Thursday, September 25, 2008

Long overdue update

I have been meaning to put together a blog entry for a long time, but finding time has been difficult. We went to the Eastern Sierras, where I was chased (briefly) by a bear. Lehman has tanked, and AIG has been on the brink. Freddie and Fannie are gone. Our house still needs work. I finally got my green card, right in time to see the economy go south. Lightroom 2 came out. And there were more events besides that I would rather not mention here. Where do I begin?
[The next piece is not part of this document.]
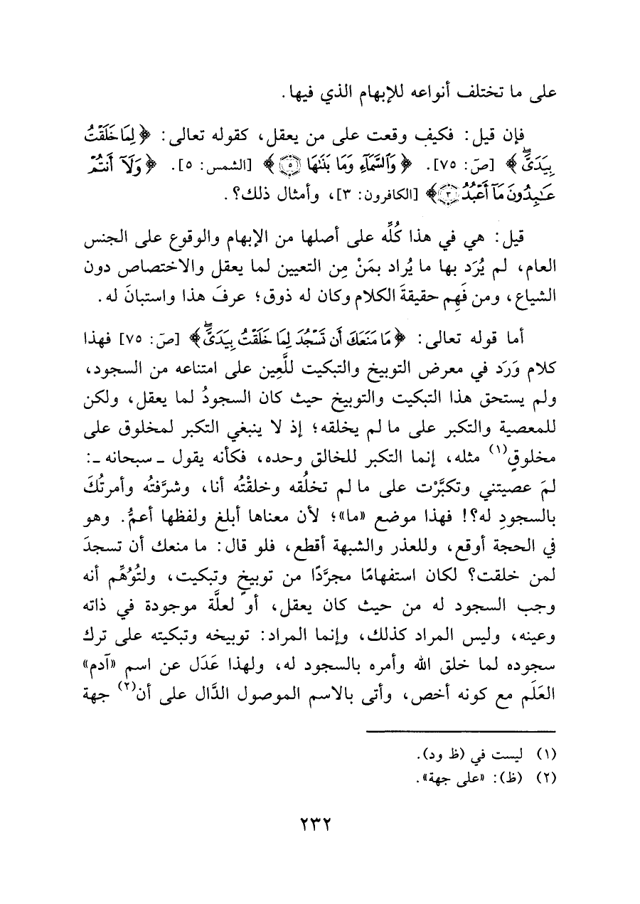أما قوله تعالى: {مَا مَنَعَكَ أَنْ تَسْجُدَ لِمَا خَلَقْتُ بِيَدَيَّ} [ص: ٧٥] فهذا كلام وَرَد في معرض التوبيخ والتبكيت للَّعِين على امتناعه من السجود، ولم يستحق هذا التبكيت والتوبيخ حيث كان السجودُ لما يعقل، ولكن للمعصية والتكبر على ما لم يخلقه؛ إذ لا ينبغي التكبر لمخلوق على مخلوقٍ (¬١) مثله، إنما التكبر للخالق وحده، فكأنه يقول -سبحانه-: لمَ عصيتني وتكبَّرْت على ما لم تخلُقه وخلفَتُه أنا، وشرَّفتُه وأمرتُكَ بالسجودِ له؟! فهذا موضع "ما"؛ لأن معناها أبلغ ولفظها أعمُّ. وهو في الحجة أوقع، وللعذر والشبهة أقطع، فلو قال: ما منعك أن تسجدَ لمن خلقت؟ لكان استفهامًا مجوَّدًا من توبيخ وتبكيت، ولتُوُهِّم أنه وجب السجود له من حيث كان يعقل، أو لعلَّة موجودة في ذاته وعينه، وليس المراد كذلك، وإنما المراد: توبيخه وتبكيته على ترك سجوده لما خلق الله وأمره بالسجود له، ولهذا عَدَل عن اسم "آدم" العَلَم مع كونه أخص، وأتى بالاسم الموصول الدَّال على أن (¬٢) جهة

About the only big thing that I haven't covered here is programming and work. So I'll focus on that. My lisp hacking of late has been pretty routine. In fact, all my hacking has been pretty routine. I've been developing the server portion of our software, and it has been going as well as can be expected. Try as I might, I can't think of anything truly interesting I've done over the past few weeks. Time has been spent on bug fixing and other such tasks. Instead, I'll turn to one of the key aspects of our software: the manipulation of knowledge as a graph. This also ties in with one of my previous posts on hypergraphs.
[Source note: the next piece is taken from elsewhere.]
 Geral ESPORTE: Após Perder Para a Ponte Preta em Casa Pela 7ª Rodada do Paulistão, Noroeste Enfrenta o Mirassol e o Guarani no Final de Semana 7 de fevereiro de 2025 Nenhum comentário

We have viewed graphs as labeled edges connecting nodes. This has the obvious deficiency that this type of data structure falls outside the scope of many standard graph algorithms. My initial approach to addressing this problem was to construct different types of graphs to tackle the various algorithmic problems we faced.

One of the graph types was an edge graph. This graph has two types of nodes: one representing nodes, and the other representing edges. Suppose we have a triple (n1 s n2) in our KB. This translates to a graph with three nodes: n1, n1sn2, and n2. The edges in this graph are n1->n1sn2, n1sn2->n2. Slots don't have an explicit representation in this scheme. They are instead replaced with a representation of the complete edge.

Another type of graph is the node graph. Given a triple (n1 s n2) in our KB, we reduce it to an edge n1->n2 in our graph. Similarly, we can also define an "edge graph". Suppose we have two triples (n1 s1 n2) and (n2 s2 n3) in our KB. We can define an edge in our graph n1s1n2->n2s2n3 in our graph.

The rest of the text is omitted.